◆ What is needed
Repeat each record exactly. Any picture gets left out.

******************************

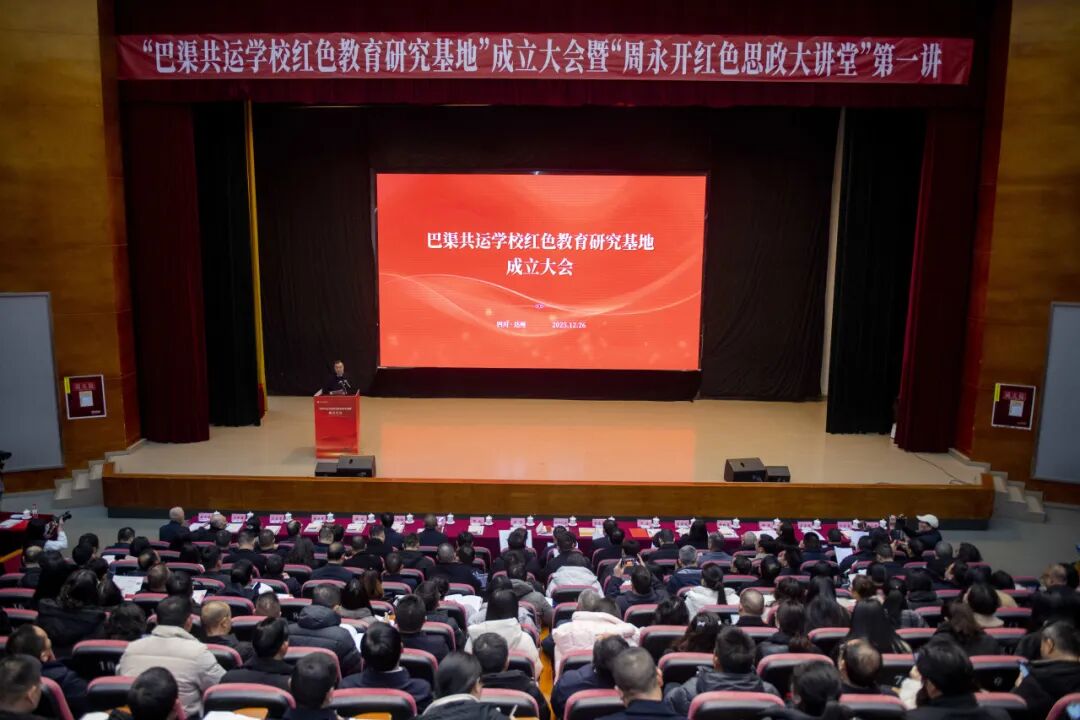 2025年12月26日上午,在纪念毛泽东同志诞辰132周年之际,四川文理学院艺术传媒大楼多功能厅庄重而热烈,“巴渠共运学校红色教育研究基地”成立大会暨“周永开红色思政大讲堂”第一讲在此隆重举行。本次活动由达州市委教育工委与四川文理学院联合主办,标志着川东北地区红色教育研究与实践迈向体系化、协同化、品牌化的新阶段。市级相关部门,巴中市、广安市委教育工委,原“巴渠共运友好学校联谊会”成员单位,大中小学思政课一...
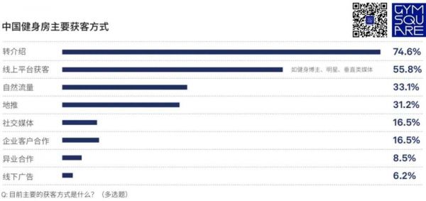 相应的,中国健身房经营者在获客方式上,正呈现出多样化的状态。根据报告的调研问卷统计,目前转介绍依然是中国健身房获客的主要方式,占到74.6%。
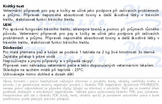 Veterinární přípravek pro psy a kočky se užívá jako podpora při zažívacích problémech a průjmu. Přípravek napomáhá absorbovat toxiny a další škodlivé látky v trávicím traktu, stabilizovat funkci trávicího traktu.
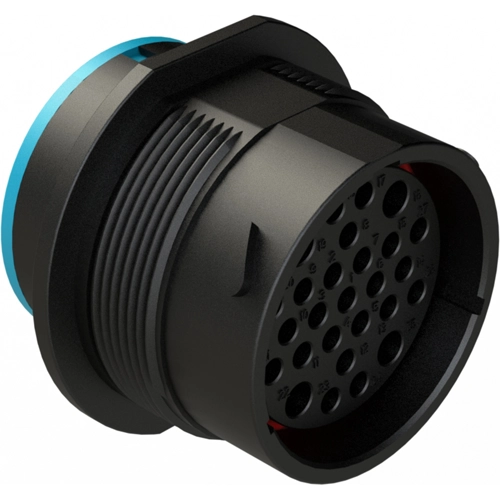 27 Positionen Steckdose, Buchse, Gehäusegröße 24, Reduzierte Durchmesserdichtung (Blau), Glatter Ringadapter, Staubkappe inklusive.
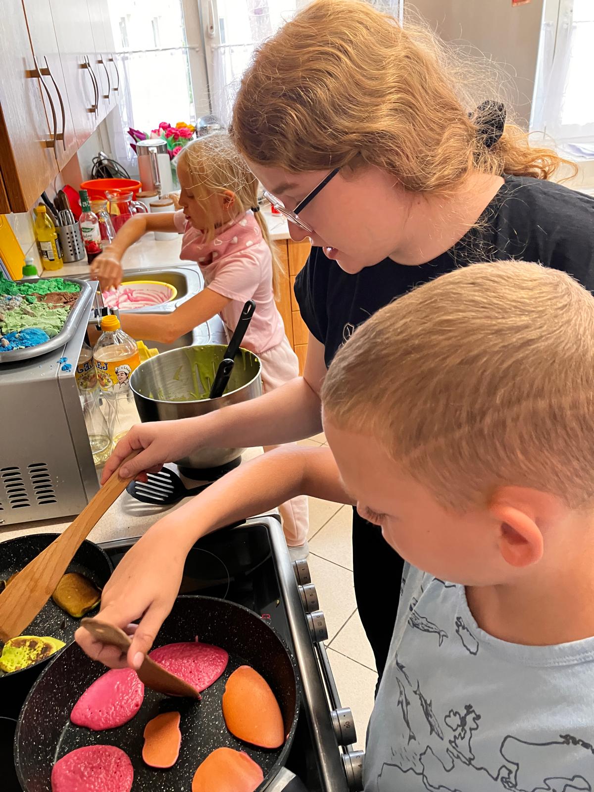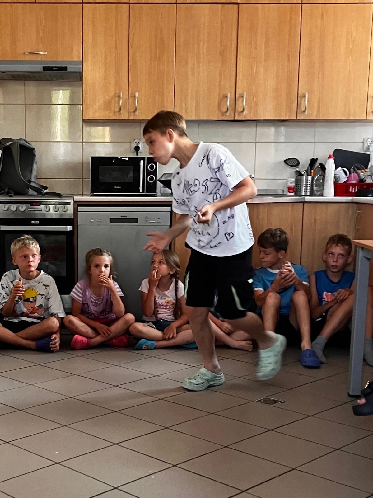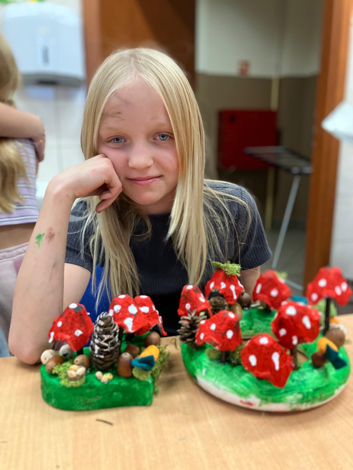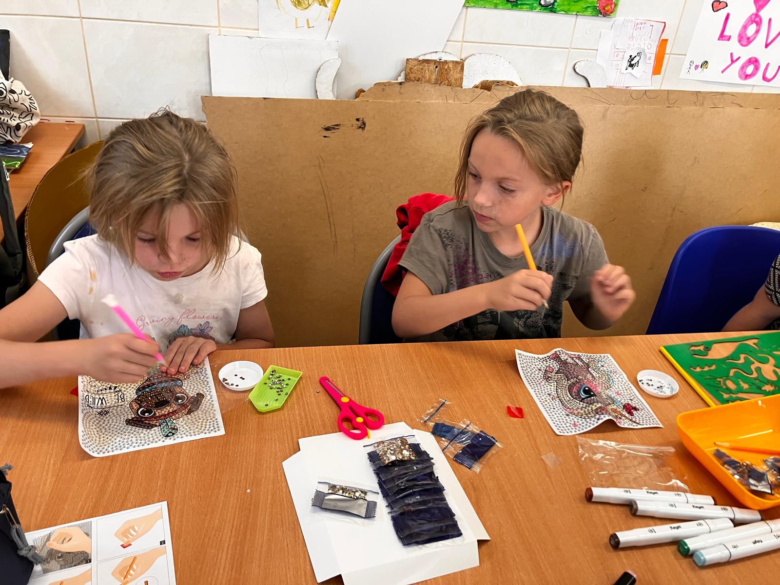 Podczas cyklu zajęć nasi wychowankowie wykazali się ogromną kreatywnością i zaangażowaniem! Malowali własne koszulki farbami, stroili zabawne miny do zdjęć oraz bawili się w muzyczny quiz. Degustowali też samodzielnie przygotowane, zdrowe lody truskawkowe i tworzyli spersonalizowane pudełka na skarby. Nie zabrakło również artystycznych emocji – uczestnicy malowali bajkowe obrazy na płótnie, a maluszki tworzyły swoje pierwsze dzieła.

******************************

◆ Task response
 2025年12月26日上午,在纪念毛泽东同志诞辰132周年之际,四川文理学院艺术传媒大楼多功能厅庄重而热烈,“巴渠共运学校红色教育研究基地”成立大会暨“周永开红色思政大讲堂”第一讲在此隆重举行。本次活动由达州市委教育工委与四川文理学院联合主办,标志着川东北地区红色教育研究与实践迈向体系化、协同化、品牌化的新阶段。市级相关部门,巴中市、广安市委教育工委,原“巴渠共运友好学校联谊会”成员单位,大中小学思政课一...
 相应的,中国健身房经营者在获客方式上,正呈现出多样化的状态。根据报告的调研问卷统计,目前转介绍依然是中国健身房获客的主要方式,占到74.6%。
 Veterinární přípravek pro psy a kočky se užívá jako podpora při zažívacích problémech a průjmu. Přípravek napomáhá absorbovat toxiny a další škodlivé látky v trávicím traktu, stabilizovat funkci trávicího traktu.
 27 Positionen Steckdose, Buchse, Gehäusegröße 24, Reduzierte Durchmesserdichtung (Blau), Glatter Ringadapter, Staubkappe inklusive.
 Podczas cyklu zajęć nasi wychowankowie wykazali się ogromną kreatywnością i zaangażowaniem! Malowali własne koszulki farbami, stroili zabawne miny do zdjęć oraz bawili się w muzyczny quiz. Degustowali też samodzielnie przygotowane, zdrowe lody truskawkowe i tworzyli spersonalizowane pudełka na skarby. Nie zabrakło również artystycznych emocji – uczestnicy malowali bajkowe obrazy na płótnie, a maluszki tworzyły swoje pierwsze dzieła.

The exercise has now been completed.